Мы признаемся, что имеем, говоря в общем, большое возражение против того, что можно назвать историческим романом, в котором реальные и вымышленные персонажи, а также фактические и сказочные события смешаны вместе к полному замешательству читателя и расшатыванию всех точных воспоминаний о прошлых сделках; и мы не можем не пожелать, чтобы изобретательный и умный автор «Уэверли» лучше занялся исторической записью характера и сделок своих соотечественников «Шестьдесят лет назад», чем написанием работы, которая, хотя она может быть, в своих фактах, почти правдивой, а в своих описаниях совершенно точной, будет все же, через шестьдесят лет, рассматриваться, или, скорее, вероятно, игнорироваться, как простой роман и безвозмездное изобретение шутливой фантазии.

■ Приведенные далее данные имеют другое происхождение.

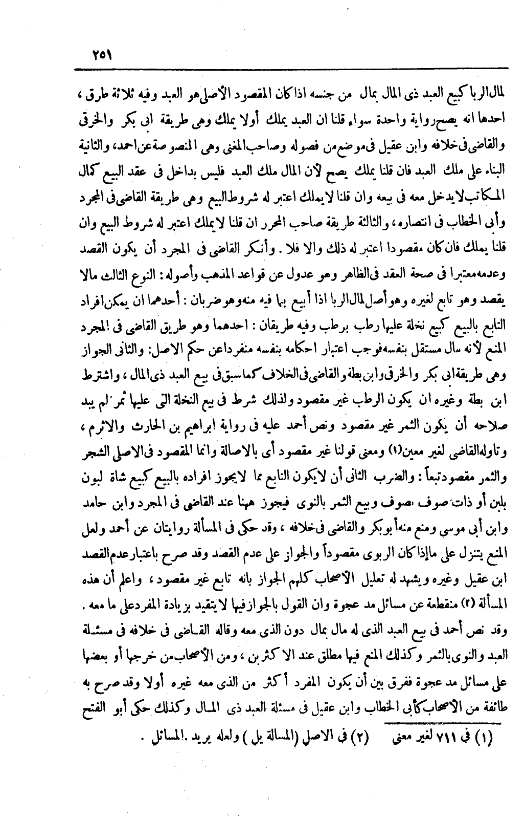 وَقَدْ نَصَّ أَحْمَدُ فِي بَيْعِ الْعَبْدِ الَّذِي لَهُ مَالٌ بِمَالٍ دُون الَّذِي مَعَهُ وَقَالَهُ الْقَاضِي فِي خِلَافِهِ فِي مَسْأَلَةِ الْعَبْدِ وَالنَّوَى بِالثَّمَرِ وَكَذَلِكَ الْمَنْعُ فِيهَا مُطْلَقٌ عِنْدَ الْأَكْثَرِينَ، وَمِنْ الْأَصْحَابِ مَنْ خَرَّجَهَا أَوْ بَعْضَهَا عَلَى مَسَائِلِ مُدِّ عَجْوَةٍ فَفَرَّقَ بَيْنَ أَنْ يَكُونَ الْمُفْرَدُ أَكْثَرَ مِنْ الَّذِي مَعَهُ غَيْرُهُ أَوْ لَا وَقَدْ صَرَّحَ بِهِ طَائِفَةٌ مِنْ الْأَصْحَابِ كَأَبِي الْخَطَّابِ وَابْنِ عَقِيلٍ فِي مَسْأَلَةِ الْعَبْدِ ذِي الْمَالِ وَكَذَلِكَ حَكَى أَبُو الْفَتْحِ الْحَلْوَانِيُّ
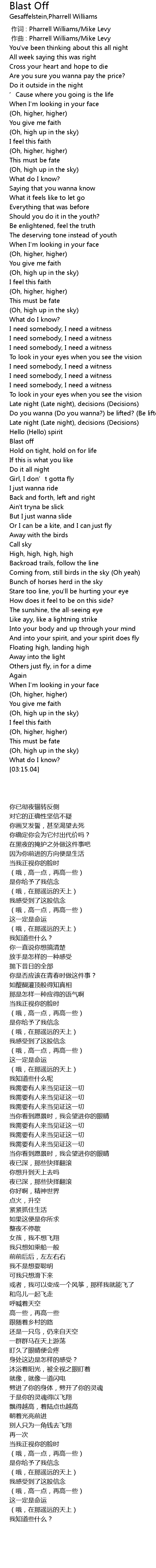 | [00:00.000] | 作词 : Pharrell Williams/Mike Levy |
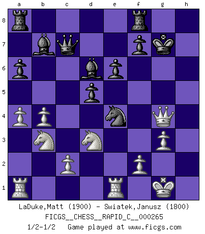 Last move : 1/2-1/2 2021 June 27 21:7:12 [Event "FICGS__CHESS__RAPID_C__000265"] [Site "FICGS"] [Date "2021.06.10"] [Round "1"] [White "LaDuke,Matt"] [Black "Swiatek,Janusz"] [Result "1/2-1/2"] [WhiteElo "1900"] [BlackElo "1800"] 1.e4 c5 2.Nc3 a6 3.g3 b5 4.Bg2 Bb7 5.Nge2 e6 6.d4 cxd4 7.Nxd4 Nf6 8.a3 Qc7 9.O-O d6 10.Re1 Nbd7 11.a4 b4 12.Na2 Nc5 13.Nxb4 Ncxe4 14.Be3 d5 15.Nd3 h5 16.b4 h4 17.Nb3 Bd6 18.Bd4 O-O 19.Bxe4 Nxe4 20.Bxg7 hxg3 21.hxg3 Kxg7 22.Qg4+ 1/2-1/2 Sicilian : Closed Kingside Castling by player White (move 9) Kingside Castling by player Black (move 18) This chess game ended in a draw. Follow this game move after move (download)We like to think. (Gary Kasparov) Versuche, dich von der Sklaverei der Eröffnungsvarianten zu befreien. Stattdessen soll man gewisse Typenpositionen erlernen, die man eingehend analysiert. (Aaron Nimzowitsch) Yo jugué Ajedrez con el y a veces le pude haber ganado solo que siempre devuelve su última jugada y juega la partida de manera diferente. (Mark Twain) Je ne crois pas en la psychologie, je crois aux bons coups. (Robert Fischer) A belief is an idea the mind possesses, an idea that possesses the mind. (Robert Oxden Bolton)
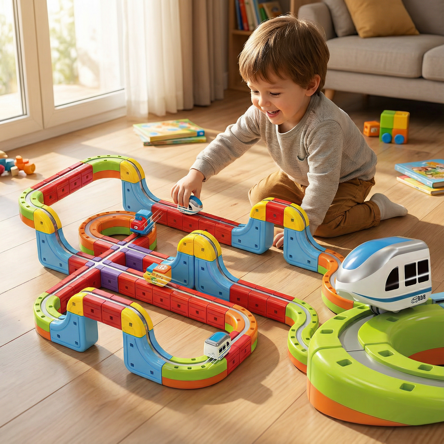 "Fácil de montar y muy divertido" Pensé que sería complicado, pero mi hija de 6 años montó el circuito ella sola enseguida. Le encanta apagar la luz para ver cómo brilla el tren mientras corre.
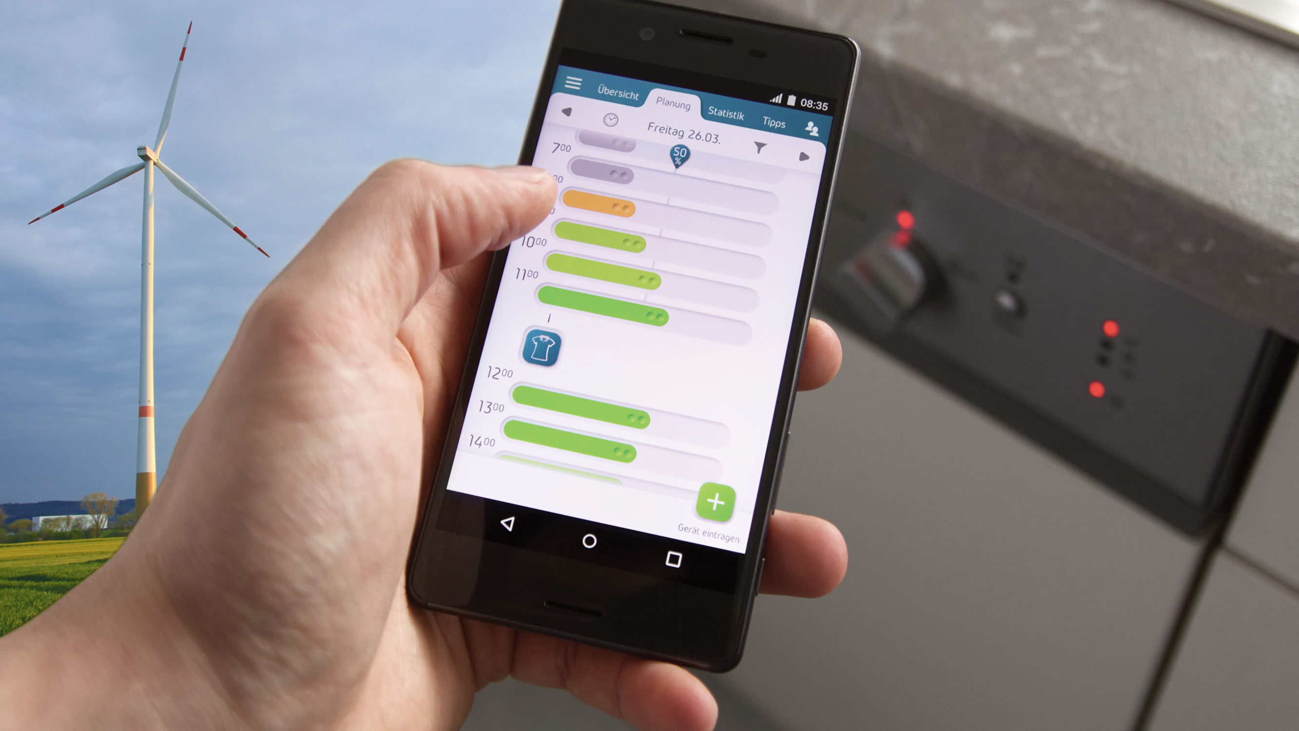 Der Anteil erneuerbarer Energien im Stromnetz ist stark von Wetter und Tageszeit abhängig. Die App PeakPick ist ein Saisonkalender für grünen Strom, der hilft, den Verbrauch an die Erzeugung durch Wind- und Solaranlagen anzupassen. In der Industrie wird dies bereits mit sogenannter „Lastverschiebung“ praktiziert. PeakPick aktiviert dieses Potential auch in Privathaushalten und ermöglicht einen Einstieg in den flexiblen Stromverbrauch. „Mittags steht die Sonne im Zenit, da wird am meisten Solarstrom erzeugt“, sagt Sascha Greilinger. „Bei schönem Wetter mittags kochen, abends kalt essen und CO2 sparen!“ Oder die Waschmaschine dann laufen lassen, wenn der Wind weht. Indem das Einschalten von Geräten in einen Zeitraum mit hohem Anteil an regenerativer Erzeugung verschoben wird, kann jeder einen wertvollen Beitrag zur Energiewende leisten.
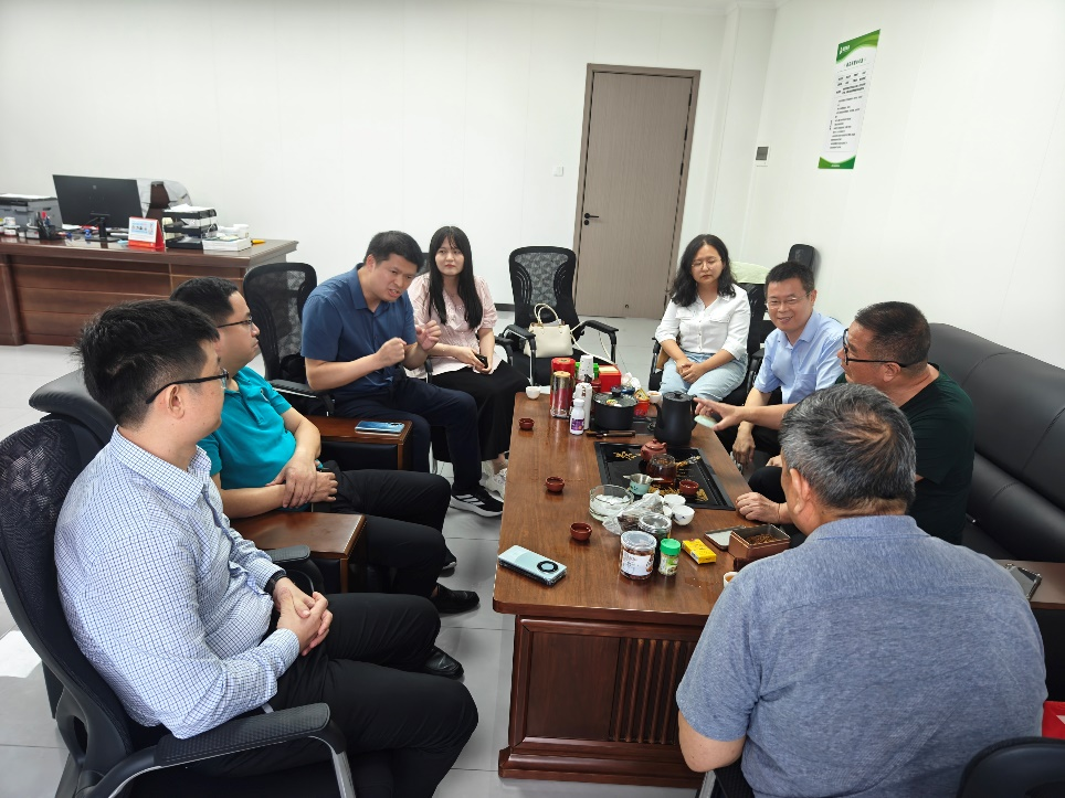 5月7日,食品科學與工程學院黨總支書記夏杏洲帶領學院專家團隊7人,深入廣東省壹信生物科技有限公司開展調研。壹信生物科技董事長岑長戰(zhàn)、研發(fā)總監(jiān)周明印陪同調研。調研團隊參觀了壹信生物科技的研發(fā)中心、生產車間與質量檢測實驗室,詳細了解壹信生物科技最新的研發(fā)項目、產品生產標準化流程、智能制造技術以及各類精密儀器設備。通過現(xiàn)場參觀,調研團隊獲得了豐富的教學案例,也啟發(fā)了科研靈感。
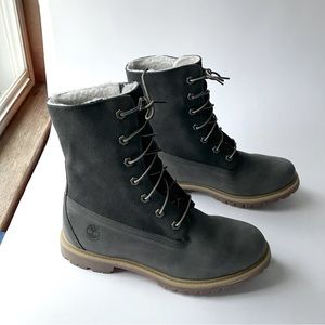 This is the Women's Timberland® Authentics Teddy Fleece Fold-Down Boot in Dark Grey Two-Tone, Size 9M / 40 Eur. NEW with tags in original box, $90. It's a gorgeous rugged chic boot with complete waterproof protection and outdoor-inspired styling --trendy, versatile, and winter-ready in two-tone dark grey leather and suede. Wear the top up or folded down for two great looks. Stay comfortable with Teddy fleece lining.
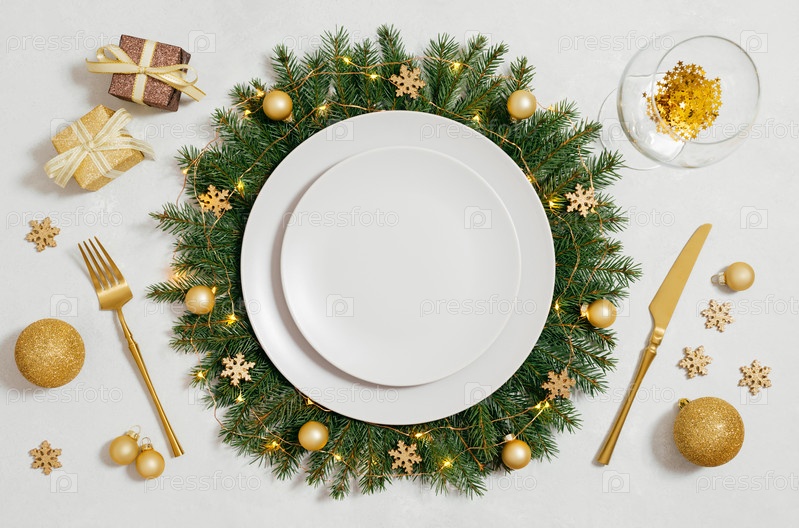 Рождественская сервировка с пустой тарелкой и золотыми украшениями на белом фоне. Новогодняя вечеринка. Праздничная сервировка стола на новый год. Вид сверху
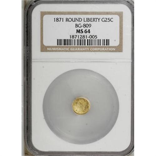 <B>1871 25C Liberty Round 25 Cents, BG-809, Low R.4, MS64 NGC.</B></I> . NGC Census: (4/2). PCGS Population (28/23). (#10670)<BR><BR><b>Shipping:</b> Coins & Currency (<a target="_blank" href="http://www.heritageauctions.com/common/shipping.php">view shipping information</a>)

О «СКАЗКАХ МОЕГО ХОЗЯИНА» СКОТТА
[Из «Квартального обозрения», январь 1817 г.]
Сказки моего хозяина. 4 тома. 12-й формат. Третье издание. Блэквуд, Эдинбург. Джон Мюррей, Лондон. 1817.
Эти повести, очевидно, принадлежат к тому классу романов, на который мы уже неоднократно имели случай обратить внимание и который привлек к себе внимание публики в немалой степени, — мы имеем в виду «Уэверли», «Гай Мэннеринг» и «Антикварий», — и мы без колебаний готовы признать их полностью или в значительной мере произведением одного и того же автора. Почему он столь усердно пытается ускользнуть от наблюдений, прощаясь с нами в одном обличье, а затем внезапно появляясь в другом, мы не беремся судить, не зная о его личных причинах для сохранения столь строгого инкогнито больше, чем нам до сих пор удалось узнать. Мы, однако, можем представить себе множество причин, по которым писатель придерживается подобной таинственности; не говоря уже о том, что это, безусловно, способствовало поддержанию интереса, который вызвали его произведения.